▸ About this exercise:
Please write out every line of the listing without alteration, but omit the images.
Start of Raw data
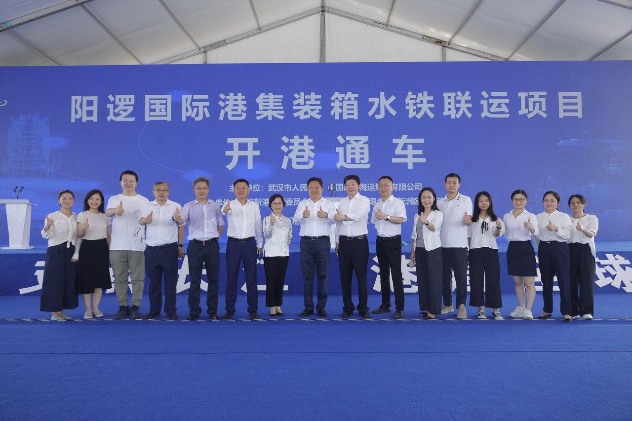 今天(8月1日)上午9时28分,阳逻国际港集装箱水铁联运项目开港通车。在武汉中远海运港口,长江蓝天之间,一字排开的“中远海运蓝”桥吊崭新亮相,向全球传递武汉这座英雄城市的邀约。
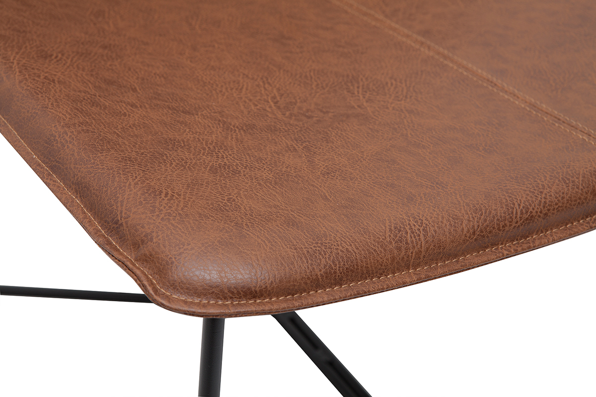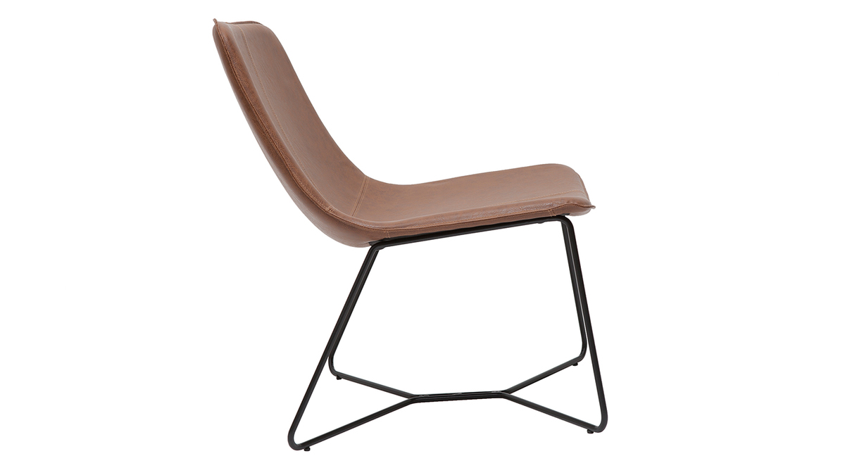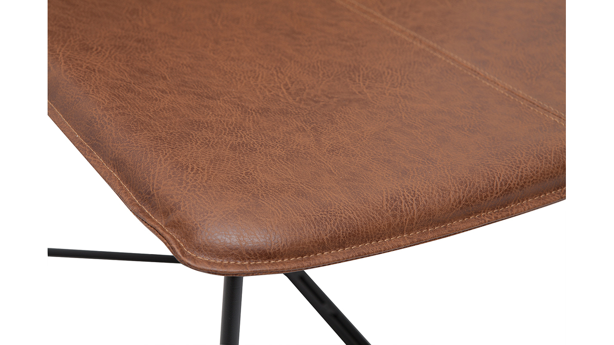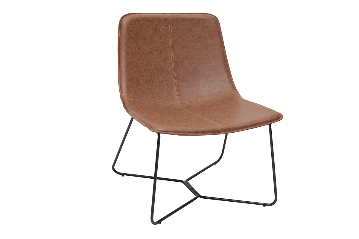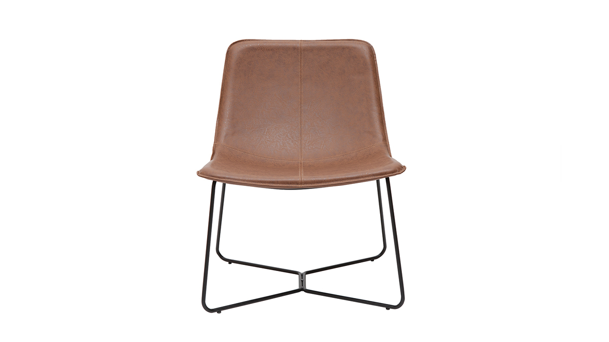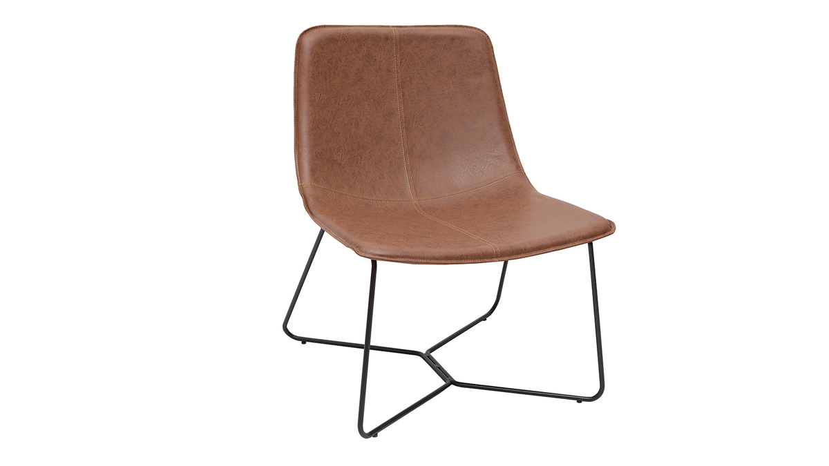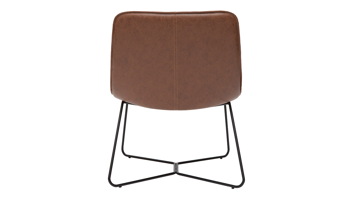 Du piètement à l'assise, chez SANTI, tout nous rappelle l'esprit indus-vintage. Avec un piètement fin en métal noir et un siège en PVC marron à l'aspect vieilli, ce fauteuil coche toutes les cases en matière de style. Silhouette aérienne, mix de matières et finition patinée forment un fauteuil tendance qui donnera beaucoup de caractère à votre pièce !
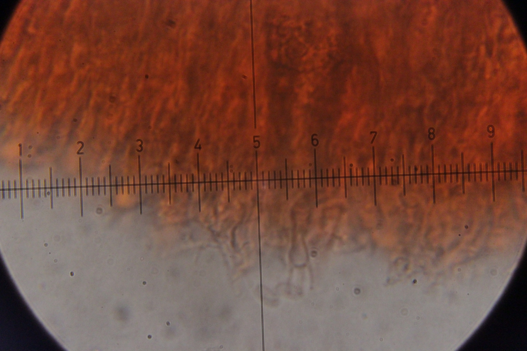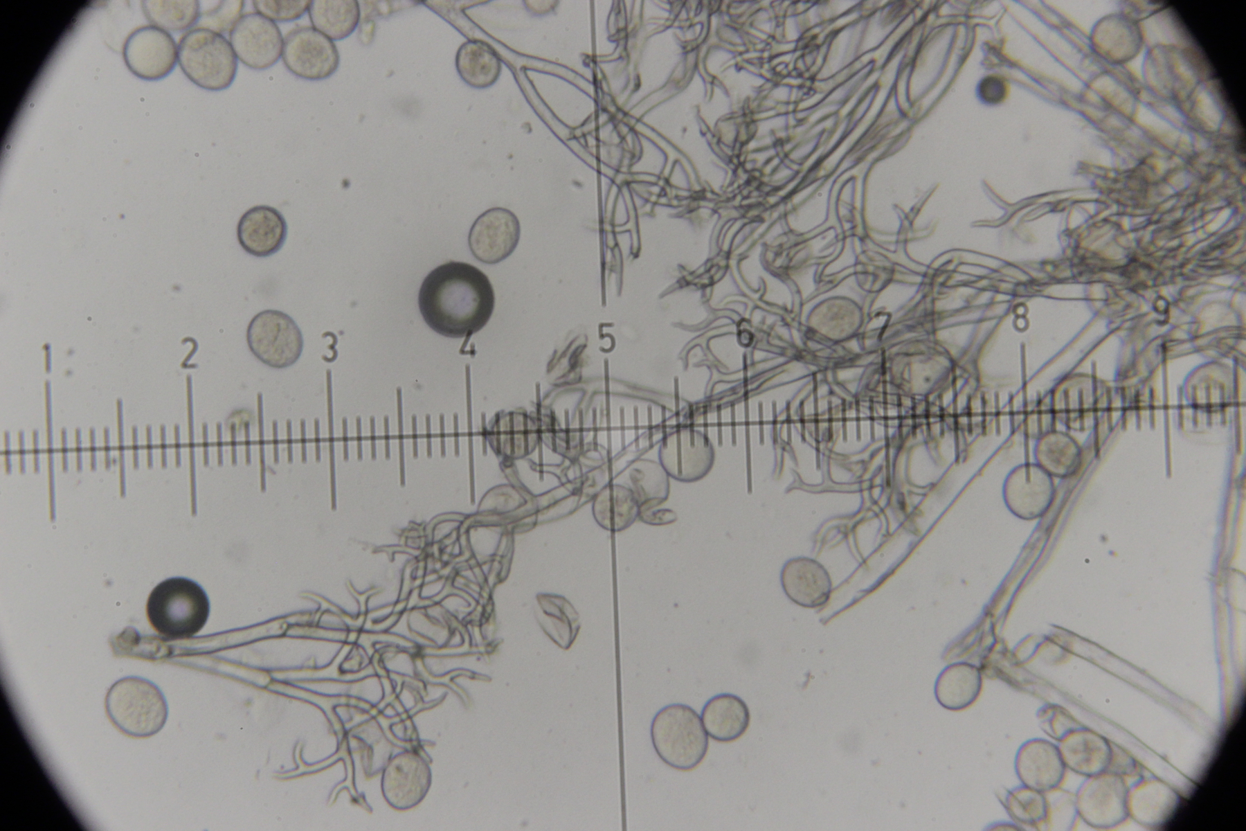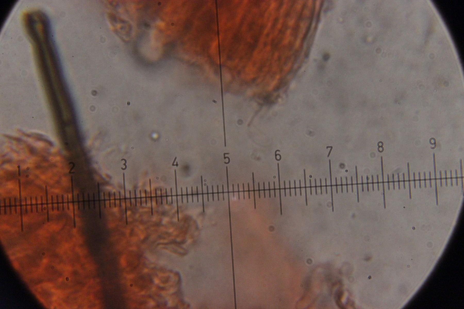 Was die Nummer 8 angeht, habe ich gerade mal die eine Spore, die auf einem meiner Fotos abgelichtet ist, ausgemessen und komme auf 5.5 µm x 2.3 µm also deutlich zu kleine für P. pubera. Dann hab ich den Pilz gerade auch noch mal unterm Mikro gehabt und nach Schnallen gesucht. Nach 10 Minuten Suche habe ich die dann auch endlich gefunden. Außerdem hat der Pilz ein Bad in Sulfovanillin bekommen. Gloeozystiden habe ich dabei aber keine entdecken können.
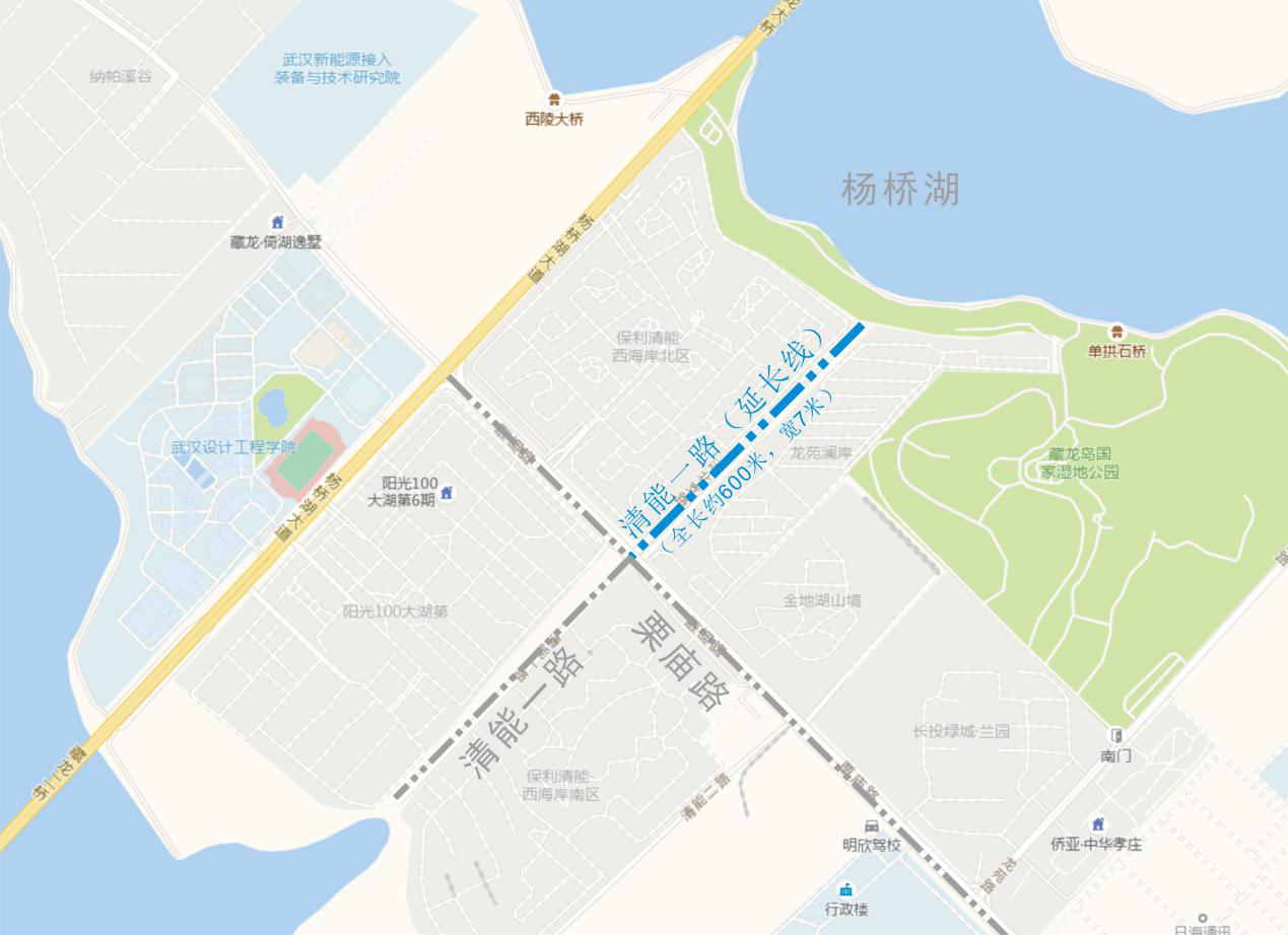 位于江夏区藏龙岛产业园辖区,南北走向,北起杨桥湖岸边,南至栗庙路。全长约600米,宽约7米。柏油路面。因该道路是原清能一路的延长线,故名。延伸后,该路东北起杨桥湖岸边,西南至环湖路(已规划未建),全长约1243米,宽约7米。
End of Raw data
▸ Written answer:
 今天(8月1日)上午9时28分,阳逻国际港集装箱水铁联运项目开港通车。在武汉中远海运港口,长江蓝天之间,一字排开的“中远海运蓝”桥吊崭新亮相,向全球传递武汉这座英雄城市的邀约。
 Du piètement à l'assise, chez SANTI, tout nous rappelle l'esprit indus-vintage. Avec un piètement fin en métal noir et un siège en PVC marron à l'aspect vieilli, ce fauteuil coche toutes les cases en matière de style. Silhouette aérienne, mix de matières et finition patinée forment un fauteuil tendance qui donnera beaucoup de caractère à votre pièce !
 Was die Nummer 8 angeht, habe ich gerade mal die eine Spore, die auf einem meiner Fotos abgelichtet ist, ausgemessen und komme auf 5.5 µm x 2.3 µm also deutlich zu kleine für P. pubera. Dann hab ich den Pilz gerade auch noch mal unterm Mikro gehabt und nach Schnallen gesucht. Nach 10 Minuten Suche habe ich die dann auch endlich gefunden. Außerdem hat der Pilz ein Bad in Sulfovanillin bekommen. Gloeozystiden habe ich dabei aber keine entdecken können.
 位于江夏区藏龙岛产业园辖区,南北走向,北起杨桥湖岸边,南至栗庙路。全长约600米,宽约7米。柏油路面。因该道路是原清能一路的延长线,故名。延伸后,该路东北起杨桥湖岸边,西南至环湖路(已规划未建),全长约1243米,宽约7米。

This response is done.